Ray Tracing That Was Anything *But* a Weekend — in Forth
2025-10-10

## Result
[kirisaki/forth-raytracing: An implementation of ray tracing in Forth.](https://github.com/kirisaki/forth-raytracing)
## The Beginning
There’s a well-known challenge called [*Ray Tracing in One Weekend*](https://raytracing.github.io/).
The idea is simple — write a minimal ray tracer over a weekend.
I once implemented it in [Rust](https://github.com/kirisaki/rust-raytracing).
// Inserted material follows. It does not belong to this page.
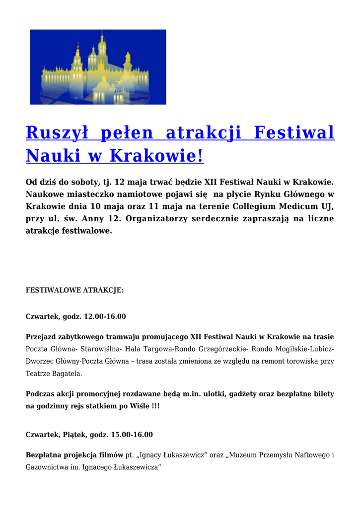 Ruszył pełen atrakcji Festiwal Nauki w Krakowie! Od dziś do soboty, tj. 12 maja trwać będzie XII Festiwal Nauki w Krakowie. Naukowe miasteczko namiotowe pojawi się na płycie Rynku Głównego w Krakowie dnia 10 maja oraz 11 maja na terenie Collegium Medicum UJ, przy ul. św. Anny 12. Organizatorzy serdecznie zapraszają na liczne atrakcje festiwalowe. FESTIWALOWE ATRAKCJE: Czwartek, godz. 12.00-16.00 Przejazd zabytkowego tramwaju promującego XII Festiwal Nauki w Krakowie na trasie Poczta Główna- Starowiślna- Hala Targowa-Rondo Grzegórzeckie- Rondo Mogilskie-LubiczDworzec Główny-Poczta Główna – trasa została zmieniona ze względu na remont torowiska przy Teatrze Bagatela. Podczas akcji promocyjnej rozdawane będą m.in. ulotki, gadżety oraz bezpłatne bilety na godzinny rejs statkiem po Wiśle !!! Czwartek, Piątek, godz. 15.00-16.00 Bezpłatna projekcja filmów pt. „Ignacy Łukaszewicz” oraz „Muzeum Przemysłu Naftowego i Gazownictwa im. Ignacego Łukaszewicza” Kino pod Baranami, Rynek Główny 27 (wejściówki dostępne w kasie Kina na godzinę przed każdym seansem) Sobota, godz. 13.00-14.00 Godzinny, bezpłatny rejs statkiem po Wiśle. Podczas rejsu uczestnicy otrzymają gadżety promujące XII Festiwal Nauki w Krakowie. Festiwal Nauki w Krakowie odbywa się w dniach od 9 do 12 maja 2012. SZCZEGÓŁOWY PROGRAM: WWW.FESTIWALNAUKI.KRAKOW.PL Już za tydzień XII Festiwal Nauki w Krakowie. Teoria – Poznanie – Doświadczenie to hasło tegorocznej edycji Festiwalu Nauki w Krakowie, który odbywać się będzie od 9 do 12 maja br. Patronem wydarzenia jest Jan Józef Ignacy Łukasiewicz. Głównym koordynatorem Festiwalu jest po raz kolejny Uniwersytet Rolniczy im. Hugona Kołłątaja w Krakowie. Panele dyskusyjne, prezentacje, warsztaty, wycieczki, występy, spektakle i wiele innych atrakcji czeka na wszystkich, którzy odwiedzą tegoroczny, dwunasty z kolei Festiwal Nauki w Krakowie. Centrum wydarzeń w postaci Festynu Nauki zlokalizowane będzie tradycyjnie na płycie Rynku Głównego w Krakowie oraz na terenie Collegium Medicum UJ, przy ul. Św. Anny 12. Festiwal Nauki tradycyjnie rozpocznie koncert inauguracyjny organizowany przez Akademię Muzyczną w Krakowie, a zakończy spektakl teatralny organizowany przez Państwową Wyższą Szkołę Teatralną. im. Ludwika Solskiego w Krakowie. Przez trzy dni, tj. od czwartku, 10 maja do soboty, 12 maja, Rynek Główny w Krakowie zamieni się w „naukowe miasteczko namiotowe”. Będzie można porozmawiać z naukowcami, studentami i innymi osobami zaangażowanymi w organizację Festiwalu. Odważniejsi będą mogli wykonać proste doświadczenia, eksperymenty lub pomiary. Planowany jest też darmowy pokaz kinowy filmów związanych z J. J. Ignacym Łukasiewiczem. Bezpłatnie będzie można też zwiedzić niektóre muzea, instytuty, albo wziąć udział w warsztatach. Ten rok obfitował będzie w liczne koncerty chóralne, m.in. w Filharmonii Krakowskiej planowany jest „maraton chóralny”, a na scenie odśpiewane mają zostać przeboje muzyki rozrywkowej. Wszyscy chcący zgłębić swoją wiedzę na temat biotechnologii powinni koniecznie wysłuchać debaty naukowej pt. „Biotechnologia na co dzień”. Podczas Festiwalu, na południowej fasadzie Sukiennic odbywać się będzie pokaz światła i dźwięku, tzw. mapping. Projekcja i obrazy do niej tworzone inspirowane będą plastycznym przetwarzaniem budynku. Uniwersytet Rolniczy w Krakowie w ramach Festiwalu Nauki przygotował konkurs filmowy dla młodzieży w wieku od 10 do 17 lat, który polega na nakręceniu amatorskiego filmu krótkometrażowego na temat „Nauka i Światło”. Pierwszy Festiwal Nauki w Krakowie zorganizował Uniwersytet Jagielloński w trakcie Jubileuszu 600-lecia uczelni. Po Uniwersytecie Jagiellońskim głównym organizatorem była Akademia Górniczo-Hutnicza (2005-2007), a po niej Politechnika Krakowska (2008– 2010). Od 2011 r. funkcję koordynatora objął Uniwersytet Rolniczy im. Hugona Kołłątaja w Krakowie. Wydarzenie co roku przyciąga tłumy odwiedzających. Wśród nich są zarówno mieszkańcy Krakowa jak i turyści. Współorganizatorami XII Festiwalu Nauki w Krakowie (obok Uniwersytetu Rolniczego w Krakowie) są: Akademia GórniczoHutnicza im. Stanisława Staszica w Krakowie, Akademia Muzyczna w Krakowie, Akademia Sztuk Pięknych im. Jana Matejki w Krakowie, Akademia Wychowania Fizycznego im. Bronisława Czecha w Krakowie, Instytut Fizyki Jądrowej im. Henryka Niewodniczańskiego PAN, Instytut Katalizy i Fizykochemii Powierzchni im. Jerzego Habera PAN, Krakowska Akademia im. Andrzeja Frycza Modrzewskiego, Państwowa Wyższa Szkoła Teatralna im. Ludwika Solskiego w Krakowie, Politechnika Krakowska im. Tadeusza Kościuszki, Uniwersytet Ekonomiczny w Krakowie, Uniwersytet Jagielloński w Krakowie, Uniwersytet Jagielloński Collegium Medicum w Krakowie, Uniwersytet Papieski Jana Pawła II w Krakowie, Uniwersytet Pedagogiczny im. Komisji Edukacji Narodowej w Krakowie oraz po raz pierwszy – Akademia Ignatianum w Krakowie. W Festiwalu udział wezmą także instytucje zaproszone: Muzeum Narodowe w Krakowie, Muzeum Inżynierii Miejskiej w Krakowie, Ogród Doświadczeń w Krakowie, Instytut Botaniki im. Władysława Szafera PAN, Austriacki Konsulat Generalny w Krakowie, Instytut Francuski w Krakowie, British Council, Włoski Instytut Kultury w Krakowie oraz Teatr Groteska. Patronat honorowy nad wydarzeniem objęła Minister Nauki i Szkolnictwa Wyższego, prof. dr hab. Barbara Kudrycka, a także: Wojewoda Województwa Małopolskiego Jerzy Miller, Marszałek Województwa Małopolskiego Marek Sowa, Prezydent Miasta Krakowa Jacek Majchrowski, Przewodniczący Sejmiku Woj. Małopolskiego Kazimierz Barczyk, Przewodniczący Rady Miasta Krakowa Bogusław Kośmider, Przewodniczący Kolegium Rektorów Szkół Wyższych Krakowa prof. dr hab. Karol Musioł, Małopolski Kurator Oświaty Aleksander Palczewski oraz Dyrektor Regionalnej Dyrekcji

This time, I decided to try it in **Forth**. *Am I insane?*
## Why It’s Madness
Writing a “weekend ray tracer” in Forth is borderline insanity.
- There’s no garbage collector
- No concept of ownership
- You manipulate raw memory directly
- There are no variables
- Well, kind of, but they’re very peculiar
- In gforth, there are literally none for floating-point numbers
- ~~No namespaces~~ There are wordlists after all (added on 2025-10-11)
- No types
- You push values onto a stack, call a word (Forth’s term for a function), and push the result back onto the stack
- Naturally, stack underflows and overflows happen all the time
It’s a parade of “no”s.
With no compile-time checks, it’s even harsher than C. Maybe slightly better than assembly.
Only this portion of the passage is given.